Nigeria’s fiscal state has reached alarming levels as a recent report by BudgIT, a public accountability firm, reveals that the Federal Government (FG) spent more than three times its revenue in 2023.

According to BudgIT’s analysis of the 2023 fiscal accounts from the Office of the Accountant-General of the Federation, the government recorded a deficit of N13.50 trillion, sparking widespread concerns about the country’s rising debt and economic instability.

The report shows that the Federal Government generated N5.99 trillion in revenue but spent an overwhelming N19.50 trillion.

This expenditure exceeded the government’s revenue by 225%, reinforcing the need for urgent fiscal reforms to avoid further exacerbating the country’s economic woes.

BudgIT’s findings indicate that revenue sources included N3.80 trillion from the Federation Account Allocation Committee (FAAC), N1.98 trillion from independent government revenue, and N202.54 billion from other sources.

However, this income was dwarfed by the government’s exorbitant spending, which has raised questions about the sustainability of Nigeria’s financial management.

Escalating Debt Crisis

Victor Agi, a fiscal accountability expert at the Centre for Fiscal Transparency and Integrity Watch, expressed grave concerns over Nigeria’s mounting debt crisis.

Agi warned that the country is spiraling into deeper financial trouble, with limited funds for critical infrastructure projects and capital expenditure.

“The economy is bleeding, and we are struggling to fund capital expenditure. The implications are dire,” Agi said, stressing that Nigeria’s economic managers have consistently failed to prioritize the nation’s economic health.

According to Agi, the country’s economy has seen little to no growth since 2014, a trend that could worsen if the current fiscal trajectory is maintained.

“The problem isn’t just that the government is borrowing,” Agi said. “The real issue is what the government is borrowing for. We are borrowing to service debt and fund frivolous expenditures, which is unsustainable.”

Agi said only 4.4% of the FG’s N19.50 trillion expenditure in 2023 was allocated to capital projects, an amount he deemed “unacceptable” given Nigeria’s infrastructure needs.

This continued diversion of funds away from productive investments could have serious repercussions for the nation’s long-term economic development.

Public Outcry Over Fiscal Mismanagement

Public policy expert Femi Oladele also criticized the government’s approach to fiscal management.

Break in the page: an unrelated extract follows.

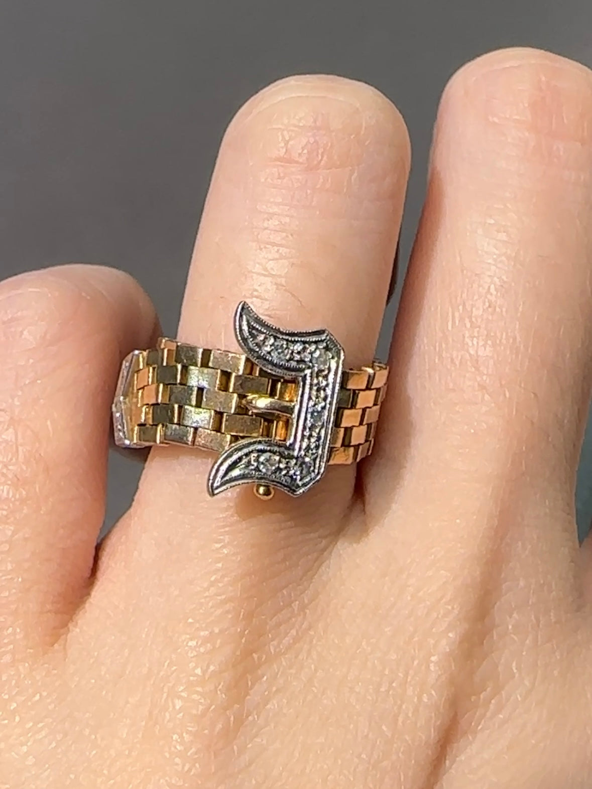 复古 18K 黄金 0.08 CTW 钻石可调节带扣皮带环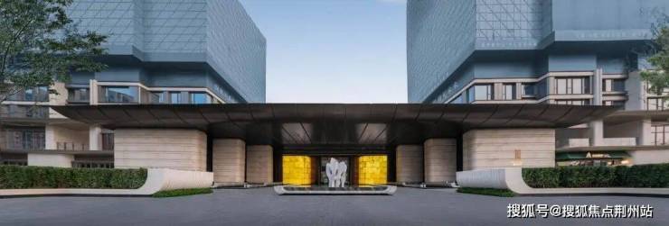 四向归家的大门设计,打破了常规楼盘至多两个入口的局限,让出入更加自由,生活动线也更符合日常需求。整体抬地5.4米的设计,不仅抬高了地势,同时将不利设施巧妙隐藏,更塑造了归家的仪式感。南向主入口以玉琮造型石柱、铝板挑檐和汉白玉雕塑营造出温润如玉的入口氛围,同时配备无障碍平接设计和多类电梯,确保每一次归家都顺畅便捷。

He pointed out that while spending more than one earns is not inherently bad, the nature of the expenditures is key.

“If I earn N200,000 monthly but spend N1 million in three months, that’s not necessarily bad. But if we examine what I spent the money on, that’s where the issue lies,” Oladele said.

Oladele believes the government may be counting on some unknown “windfalls” to maintain its spending levels.

He warned that the government’s tendency to prioritize non-essential expenditures amid a struggling economy is leading the country deeper into financial uncertainty.

“There are expenditures that can wait until we exit this economic doldrum,” Oladele said. “But it appears the government is not so worried about these issues.”

Oladele also underscored the need for local investment to stimulate economic growth and development.

“Most of the spending isn’t even local, so it has little impact on our economy directly. We need to invest in the local economy to spur growth and development.”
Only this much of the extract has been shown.